Der deutsche Bundespräsident Frank-Walter Steinmeier hat sich in einem Interview mit der «Frankfurter Allgemeinen Zeitung» (16. Juni 2017) zum deutsch-russischen Verhältnis geäussert. Alle, die sich vom Bundespräsidenten ein Signal der Entspannung in den bilateralen Beziehungen erhofft hatten, wurden enttäuscht. Auch der Bundespräsident hat ins gleiche Horn geblasen wie der überwiegende Teil der deutschen Politik und Medien. Steinmeier rückte Russland mit Unterstellungen in ein schiefes Licht und sprach von einer zu erwartenden weiteren Abkühlung in den Beziehungen beider Länder. Wörtlich sagte er: «Käme es zu einer Einflussnahme Moskaus auf die Bundestagswahl, dann wird sich der Vorrat an Gemeinsamkeiten notwendigerweise weiter verringern. Das wäre für beide Seiten schlecht.» Und: «Wir haben nun anderthalb Jahrzehnte wachsender Entfremdung zwischen Europa und Russland hinter uns.» Heute suche Russland seine Identität eher in Abgrenzung zu Europa und zum Westen als in Gemeinsamkeiten. Und dann spricht er noch von der «Annexion» der Krim und von den militärischen Aktivitäten Russlands in der Ost-Ukraine, die alles zugespitzt hätten.

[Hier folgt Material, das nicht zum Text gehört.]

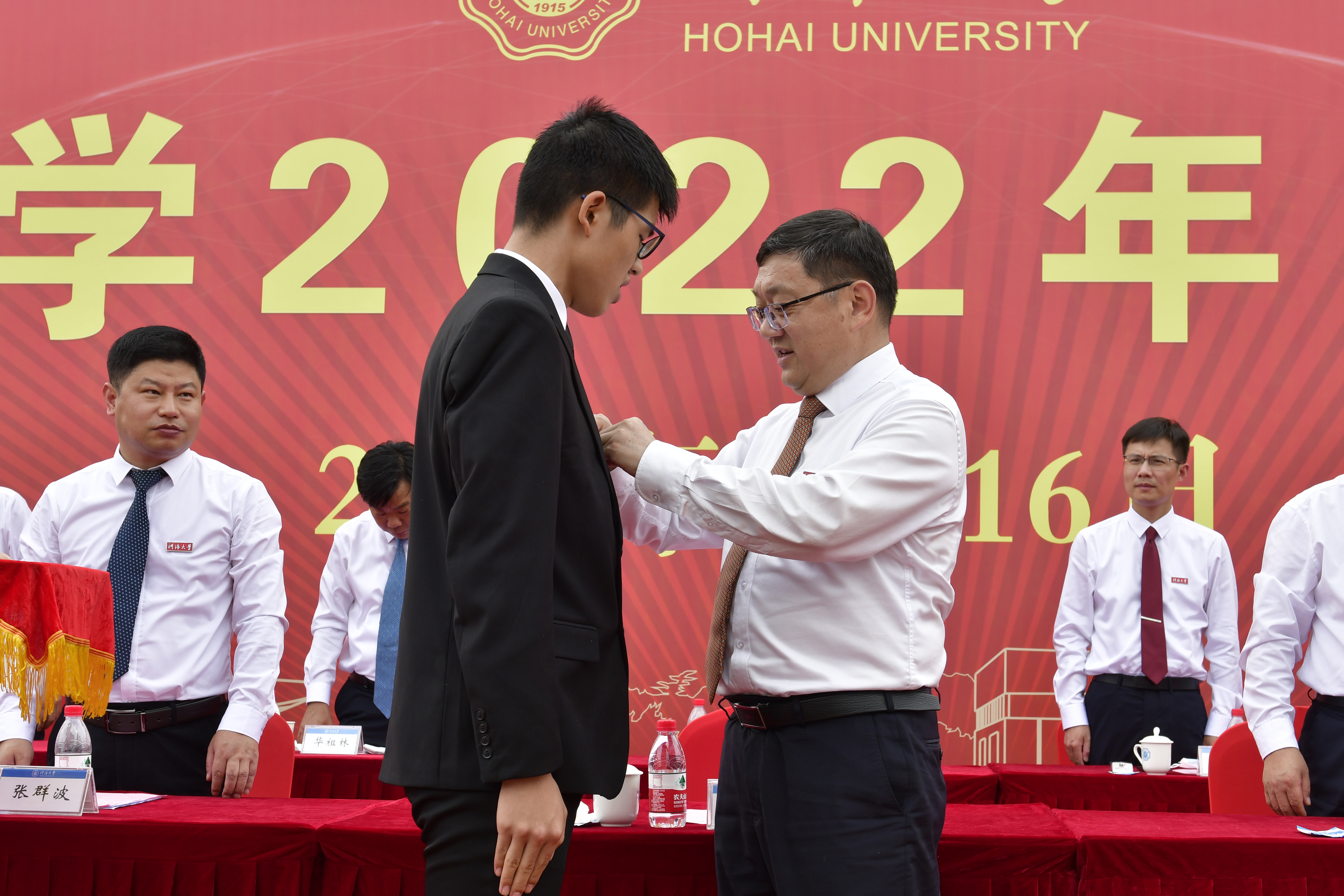 典礼在庄严的国歌声中拉开了序幕。徐辉校长首先发表题为《踔厉奋发新征程 笃行不怠向未来》的讲话。他代表学校向2022级新同学的到来表示最热烈的欢迎。他指出开云电竞网因水而生,缘水而为,顺水而长。回顾百余年办学历程,学校始终与国家同呼吸、与民族共命运。从河海工程专门学校到华东水利学院,再到今天的开云电竞网,河海人艰苦创业、砥砺奋进,以“兴学育才、治水兴邦”为己任,矢志践行“治水救国、治水报国、治水强国”的历史使命。他强调学校在百余年的发展历程中,不断拓展办学空间,提升办学能力,形成了一校两地三校区的办学格局。明年秋季,坐落在美丽长荡湖畔的常州新校区即将投入使用,这将进一步改善学校办学条件,为同学们提供一个更加安心、舒适的学习生活环境,也将为助推学校实现跨越式发展注入强大动能,同学们是学校这一重要发展阶段的见证者和参与者。他对广大新生提出三点希望和要求:一是要心怀家国,做到志存高远。如今同学们正处在中华民族伟大复兴的关键时期,肩负着实现“两个一百年”奋斗目标的光荣使命。希望同学们心怀“国之大者”,扣好人生第一粒扣子,将个人的理想信念立于民族大义、系于时代人生,把激昂的青春梦融入伟大的中国梦,与时代同步、与祖国同行、与学校同频,扎实走好人生每一步。二是要锐意创新,做到登高望远。面对世界百年未有之大变局和新一轮科技革命和产业变革加快兴起,创新必将成为赢得未来竞争的最大变量。希望同学们甘坐冷板凳、跳出“舒适圈”,以创新的精神去发现问题,以创新的思维去研究问题,以创新的举措去解决问题,充分利用校内外各类资源,登高望远、矢志创新,为实现国家高水平科技自立自强贡献智慧和力量!三是要躬身实践,做到行稳致远。大道至简,实干为要。事业无论大小,都要靠脚踏实地一点一滴干出来。希望同学们坚持用脚步丈量祖国大地,用眼睛发现中国精神,用耳朵倾听人民呼声,用内心感应时代脉搏,在实践中学真知、悟真谛,努力成长为可堪大任、引领未来的社会栋梁与行业精英。

Diese Äusserungen des deutschen Bundespräsidenten zeugen erneut von einer Denkungsart, die partout nicht zur Kenntnis nehmen will, dass die Tatsachen ein anderes Licht auf die Vorgänge werfen. Es ist wohl kein Zufall, dass Frank-Walter Steinmeier nichts Substantielles sagt, keine Fakten nennt und statt dessen auf Stimmungsmache setzt. Zu fragen ist zum Beispiel:
Recht hat der deutsche Bundespräsident mit der Feststellung, dass eine weitere Verschlechterung der deutsch-russischen Beziehungen für «beide Seiten schlecht» wäre. Um so mehr stellt sich die Frage, warum die deutsche Politik und warum so viele deutsche Medien alles tun, damit sich diese Beziehungen weiter verschlechtern. Den Wünschen und Interessen der meisten Deutschen entspricht dies nicht. Aber was treibt die deutsche Politik ins Feindbild Russland?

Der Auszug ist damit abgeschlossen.